Invoking '<Main>g__LogToFile|1_2' with 'Second call'
You will see that it catches the error thrown by LogToDatabase and still allows LogToFile to be called.
Note
You can find the code used for this exercise at https://packt.link/Dp5H4.
It is now important to expand upon the multicast concept using events.
In the previous sections, you have created delegates and invoked them directly in the same method or passed them to another method for it to invoke when needed. By using delegates in this way, you have a simple way for code to be notified when something of interest happens. So far, this has not been a major problem, but you may have noticed that there appears to be no way to prevent an object that has access to a delegate from invoking it directly.
Consider the following scenario: you have created an application that allows other programs to register for notifications when a new email arrives by adding their target method to a delegate that you have provided. What if a program, either by mistake or for malicious reasons, decides to invoke your delegate itself? This could quite easily overwhelm all the target methods in your invocation list. Such listener programs should never be allowed to invoke a delegate in this way—after all, they are meant to be passive listeners.
You could add extra methods that allow listeners to add or remove their target methods from the invocation list and shield the delegate from direct access, but what if you have hundreds of such delegates available in an application? That is a great deal of code to write.
The event keyword instructs the C# complier to add extra code to ensure that a delegate can only be invoked by the class or struct that it is declared in. External code can add or remove target methods but is prevented from invoking the delegate. Attempting to do so results in a compiler error.

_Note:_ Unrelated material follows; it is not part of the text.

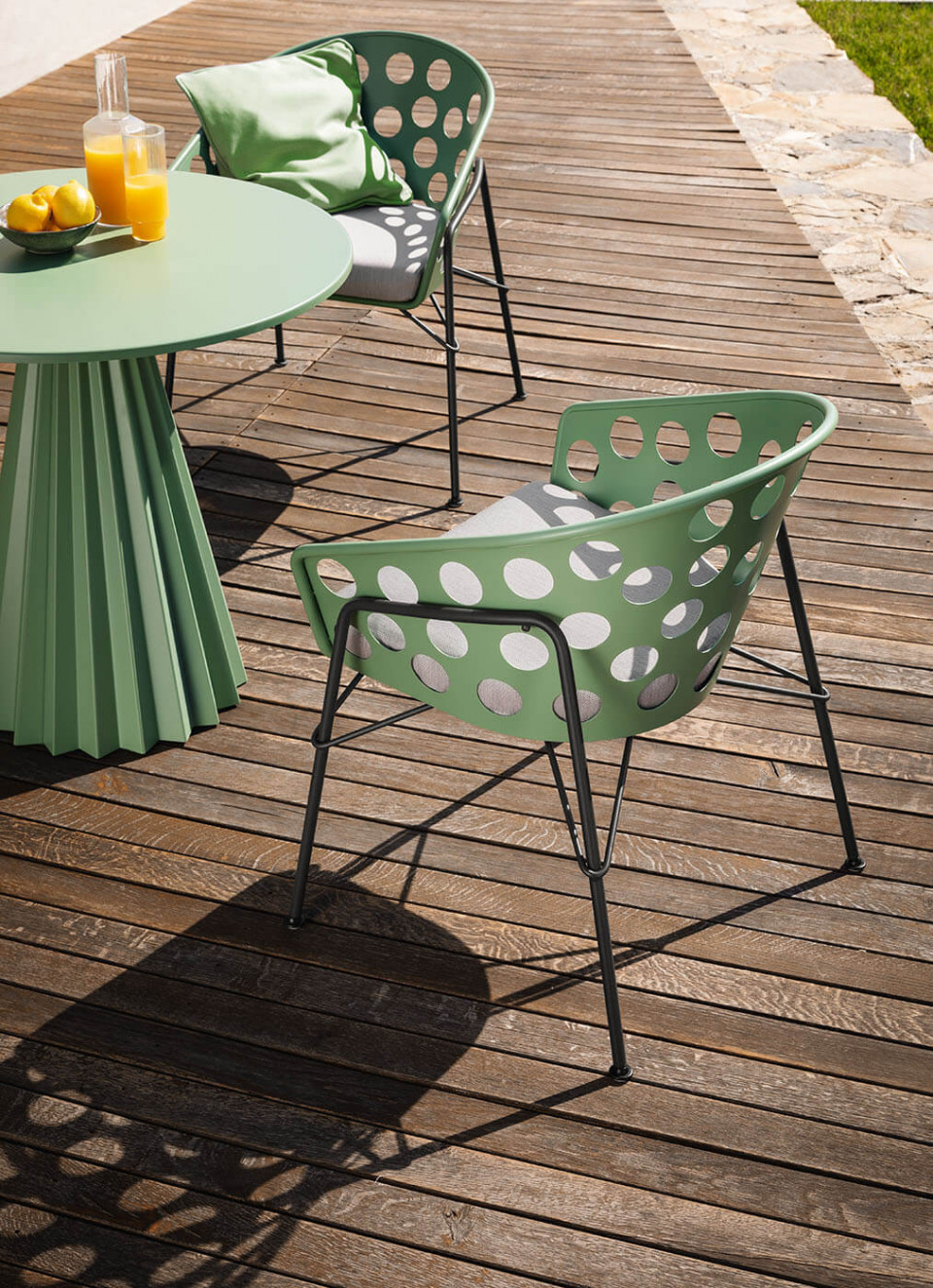 The Bolle collection was created for the outdoors and includes sofas, armchairs and lamps in macro-perforated colored metal, with a soft and playfully captivating aesthetic. The name Bolle derives from the special processing of the metal shells, which produces a texture with a strong graphic impact. Indeed, Bolle means bubbles.

This pattern is commonly known as the pub-sub pattern. The object raising an event is called the event sender or publisher; the object(s) receiving the event are called event handlers or subscribers.
The event keyword is used to define an event and its associated delegates. Its definition looks similar to the way delegates are defined, but unlike delegates, you cannot use the global namespace to define events:
public event EventHandler MouseDoubleClicked
Events have four elements:
Events are typically associated with the inbuilt .NET delegates, EventHandler, or its generic EventHandler<> version. It is rare to create custom delegates for events, but you may find this in older legacy code created prior to the Action and generic Action<T> delegates.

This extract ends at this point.